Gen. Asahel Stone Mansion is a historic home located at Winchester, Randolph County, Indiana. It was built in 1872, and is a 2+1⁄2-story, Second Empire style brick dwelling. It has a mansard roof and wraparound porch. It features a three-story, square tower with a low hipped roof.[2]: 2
+++++
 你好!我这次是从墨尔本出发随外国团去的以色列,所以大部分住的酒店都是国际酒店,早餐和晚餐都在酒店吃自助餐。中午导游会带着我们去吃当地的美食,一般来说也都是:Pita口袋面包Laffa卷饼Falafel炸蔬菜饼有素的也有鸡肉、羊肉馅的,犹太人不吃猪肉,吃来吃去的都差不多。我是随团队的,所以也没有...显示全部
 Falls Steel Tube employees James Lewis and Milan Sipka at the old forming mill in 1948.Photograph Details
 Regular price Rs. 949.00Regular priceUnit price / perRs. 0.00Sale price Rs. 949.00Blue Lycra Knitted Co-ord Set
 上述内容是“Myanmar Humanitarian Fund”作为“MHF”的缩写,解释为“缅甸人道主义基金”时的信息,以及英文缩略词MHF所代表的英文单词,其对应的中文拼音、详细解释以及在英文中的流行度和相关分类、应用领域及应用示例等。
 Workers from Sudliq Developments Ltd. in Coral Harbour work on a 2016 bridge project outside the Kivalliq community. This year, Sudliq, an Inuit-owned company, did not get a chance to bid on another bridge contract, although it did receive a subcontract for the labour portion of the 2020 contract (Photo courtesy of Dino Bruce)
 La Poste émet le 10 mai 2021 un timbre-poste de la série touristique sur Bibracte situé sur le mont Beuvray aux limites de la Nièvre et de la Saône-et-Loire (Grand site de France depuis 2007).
+++++
__Task directions__. Would you print, exactly as written, every line above from the one holding "Falls Steel Tube" through the one holding "La Poste émet", with both included and no other lines?

__Written answer__.
 Falls Steel Tube employees James Lewis and Milan Sipka at the old forming mill in 1948.Photograph Details
 Regular price Rs. 949.00Regular priceUnit price / perRs. 0.00Sale price Rs. 949.00Blue Lycra Knitted Co-ord Set
 上述内容是“Myanmar Humanitarian Fund”作为“MHF”的缩写,解释为“缅甸人道主义基金”时的信息,以及英文缩略词MHF所代表的英文单词,其对应的中文拼音、详细解释以及在英文中的流行度和相关分类、应用领域及应用示例等。
 Workers from Sudliq Developments Ltd. in Coral Harbour work on a 2016 bridge project outside the Kivalliq community. This year, Sudliq, an Inuit-owned company, did not get a chance to bid on another bridge contract, although it did receive a subcontract for the labour portion of the 2020 contract (Photo courtesy of Dino Bruce)
 La Poste émet le 10 mai 2021 un timbre-poste de la série touristique sur Bibracte situé sur le mont Beuvray aux limites de la Nièvre et de la Saône-et-Loire (Grand site de France depuis 2007).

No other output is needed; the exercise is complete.